Statistical analyses

Statistical analyses were performed with SAS, version 9.4 (SAS Institute Inc., Cary, NC, USA), STATA, version 12 (StataCorp, College Station, TX, USA), and the statistical software R, version 3.3.3 (http://www.r-project.org/). The p-values are two-tailed, and statistical significance was defined as p<0.05. Participants with missing value in one or more variables were excluded in the regression models. The univariable genetic association analyses of the milk-associated SNP and milk intake status, hay fever, asthma and lung function were assessed using linear and logistic regression and performed unadjusted; adjusted for age, gender, and genetic principal components (PCs); and further adjusted for smoking, alcohol, and BMI (Table 34). The conventional observational analyses of the associations of milk intake status with hay fever, asthma and lung function were assessed by logistic and linear regression analyses and were performed unadjusted; adjusted for age, and gender; and further adjusted for smoking status, alcohol status and BMI (Table 2 and 5).

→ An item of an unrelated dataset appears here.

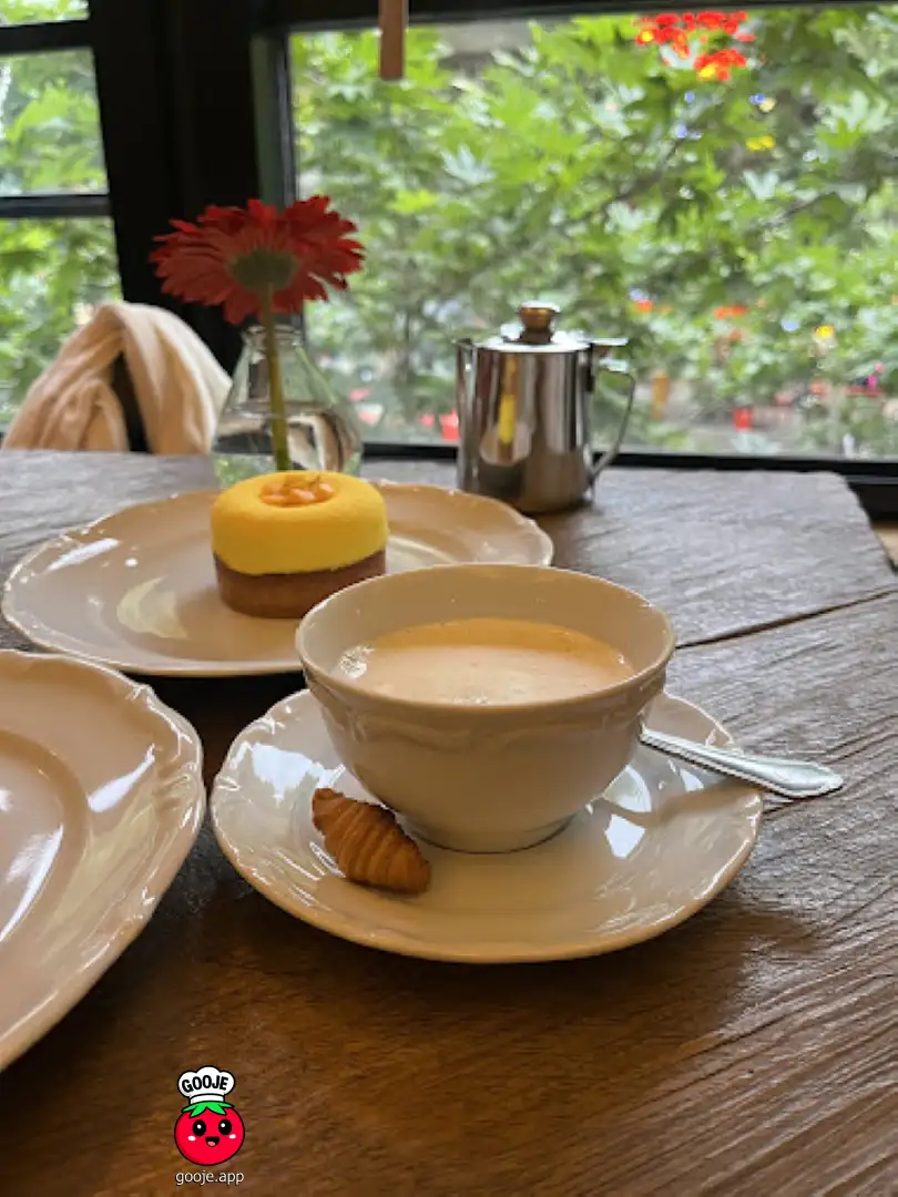 I ❤️ this place, unfortunately we didn’t have time to have supper but i enjoyed of my Affogato coffee ☕️ and my friends took orange juice 🥤 & Black Forest cake, decoration is very cute, big 🥐 croissant was like a decoration in the first floor & even door handles looked like croissant 🥐🥰🥰🥰 price was reasonable, but unfortunately it was not possible to use Wifi 🙁

Third, for the model adjusted for age, gender, and genetic PCs, instrumental variable (IV) analyses were performed by the “MendelianRandomization” package in R using the inverse variance-weighted method (“mr_ivw”), similar to the ratio method for a single IV. This model is considered the most correct: it is most likely to account for factors unaccounted for by the genetic instruments (such as the principal components) and least likely to infer additional bias by breaking the ‘randomization’ (by adjusting for, e.g., BMI that could infer bias if associated with an unmeasured confounder).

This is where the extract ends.